And then so when the iPhone came out,
there was already this install base of people
who expected to be able to make phone calls
over the cellular network,
and then also text each other.
And then the internet browsing was like kind of a nice
to have extra feature.
I remember someone had a really fancy,
I think it was like a Nokia or something,
or it was some sort of other phone
that had a very primitive web browser on it,
about like two years.
years before. It was really expensive because you had to buy a data plan too, but I was like,
oh man, like the ability to access the internet everywhere. Like that's that that's such a killer
feature. And so I definitely could imagine a world where you know, you have to get these
products just so cheap that everyone's buying them wearing them. They're just baked into everything. And
then you can scale up to something that's more premium. Yeah. It just seems we're so far past
the Siri Alexa personal assistant shopping assistant rivalry.
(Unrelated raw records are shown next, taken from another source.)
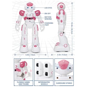 O robô de controle remoto é versátil e vibrante, capaz de dançar, cantar, andar, patrulhar e até falar com um sotaque encantador. É um presente incrível para as crianças, que as entreterá muito.
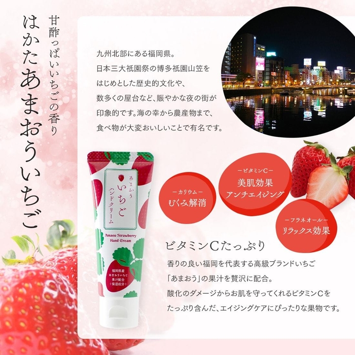 「はかたあまおういちご」「おおいたかぼす」「やまなしもも」といったラインナップで、3県の特産品である果物の果汁を贅沢に配合したフルーティな香りの3種のハンドクリームセットです。
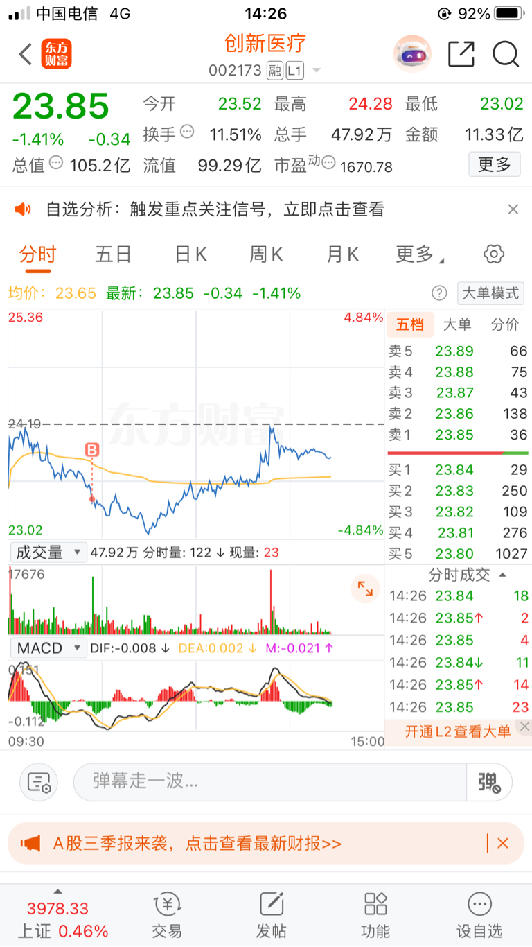 $创新医疗(SZ002173)$ 护盘成功
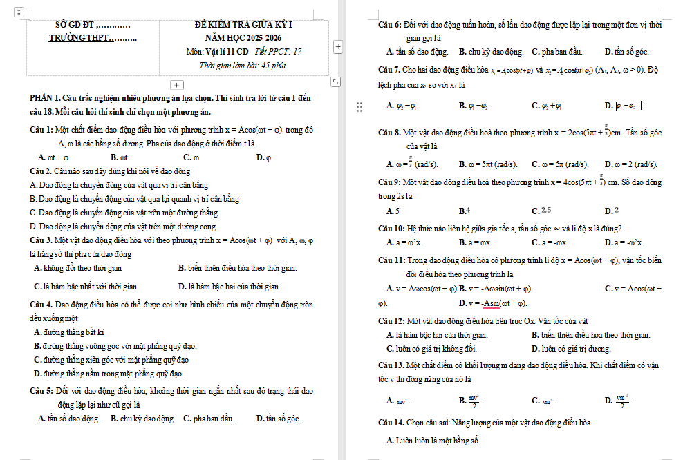 Bộ đề thi giữa kì 1 Vật lý 11 có cấu trúc như sau:
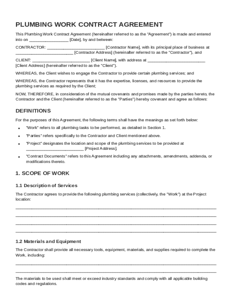 Plumbing Work Contract Template Guide
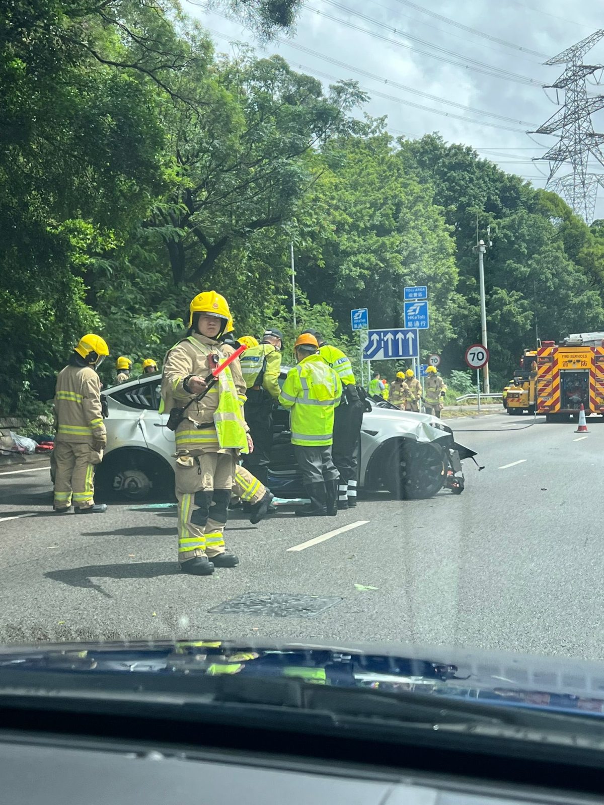 網上流傳事故現場車Cam可見,大批消防員及警員到場,多輛救護車、消防車在場戒備;而涉事Tesla車頭全毀,車尾玻璃碎裂,橫亘慢線和中線之間。現場消息指,電動車事故後一度冒煙,人員在電動車插入「應急插頭」模擬充電狀態,防止電動車繼續行駛及開喉戒備。

But it makes sense for Amazon to try to get back in the game.
Yeah, I wonder, do you think OpenAI could kind of come out with an Alexa competitor that
would do well?
I mean, they arguably already have.
Which is.
It's just, I mean, Chad GPT.
Yeah.
I would say you use specifically you use chat GPT as like voice memo.
Yes.
Say like you kind of talk through what you're thinking and what you want to do.
and then it condenses it nicely.
It's not taking a bunch of actions yet,
like being like, hey, I want to make,
I can see in the future where you're like,
hey, I want to make, I want to cook my wife a nice dinner
in this theme.
Can you put together an ingredient list and order all the ingredients
and have it home by 5 p.m.?
That's very, very gentic.
I just imagine, I talked to somebody who said that they often leave
or their wife leaves.
chat UPT open in the in the conversational mode when they're just hanging out and then you can just like
it won't chime in unless you actually ask it a question and it will kind of know that okay now you're
talking to me yeah but it doesn't have a specific wake word uh so it's just like a third party in the
conversation felt very sci-fi very very futuristic i don't know um anyway uh so now amazon is interested
in a wearable device that's always listening always listening no wake
word needed. So Amazon has reminded us for years that its voice-activated speakers only
start listening when they hear the wake word, even if you didn't necessarily utter it.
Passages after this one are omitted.